【March 11 Market Information and Data Analysis】
1、
#G7 Group Statement: Support for taking proactive measures to respond to the current situation, including the use of strategic oil reserves;
2、Institutions: The global economy is resilient, and the risk of stagflation this time is much lower than during the Russia-Ukraine conflict;
3、Coinbase: Indicators show that recent spot demand has been strong enough to absorb excess selling pressure;
4、Institutions:
#Japan The central bank is expected to maintain interest rates unchanged in March.

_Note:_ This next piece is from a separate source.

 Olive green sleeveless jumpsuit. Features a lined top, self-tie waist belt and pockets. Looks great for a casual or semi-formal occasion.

Today, the G7 statement supports the use of strategic oil reserves to respond to the situation, with oil prices becoming the core driving force in the market, potentially overshadowing tonight's U.S. February inflation data. Trump stated that the conflict will end soon, which eased market sentiment slightly, but there is still close attention on the evolution of the situation. Although inflation data is usually a key indicator, the impact of this release on the market and Federal Reserve policy may be limited, as geopolitical uncertainty has reduced investors' focus on economic indicators. Thanks to the resilience of the global economy, the current risk of stagflation is far lower than during the Russia-Ukraine conflict in 2022. Although the market is concerned about soaring oil prices triggering inflation shocks, the probability of sustained inflation is not high, and the one-year inflation breakeven rate in the U.S. has already broken upward, while medium- and long-term interest rates remain stable.

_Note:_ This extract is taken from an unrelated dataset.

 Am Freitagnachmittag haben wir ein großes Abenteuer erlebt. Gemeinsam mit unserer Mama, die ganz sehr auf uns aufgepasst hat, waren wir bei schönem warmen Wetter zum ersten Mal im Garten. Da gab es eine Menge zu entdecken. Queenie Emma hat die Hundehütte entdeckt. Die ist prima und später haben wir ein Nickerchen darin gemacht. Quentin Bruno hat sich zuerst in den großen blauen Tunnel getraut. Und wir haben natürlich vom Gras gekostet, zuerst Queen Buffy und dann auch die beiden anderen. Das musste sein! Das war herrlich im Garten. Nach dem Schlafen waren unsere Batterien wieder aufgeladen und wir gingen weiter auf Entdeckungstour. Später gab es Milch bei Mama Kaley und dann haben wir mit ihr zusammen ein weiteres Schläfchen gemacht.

In the cryptocurrency market, since late February, the short-term holders' SOPR indicators for
#BTC and
#ETH have rebounded, indicating strong spot demand, sufficient to absorb selling pressure, and the market structure is becoming healthier. This shows that new entrants have not exhibited panic selling, and the 'weaker hands' have been cleaned out. Against the backdrop of increased geopolitical risks and traditional market volatility, BTC's safe-haven attributes are expected to be highlighted. If high oil prices are accompanied by stable long-term inflation expectations, the Federal Reserve's policy constraints and falling real interest rates will create a favorable environment for BTC, and the warming of short-term holder indicators will also lay the foundation for subsequent price increases.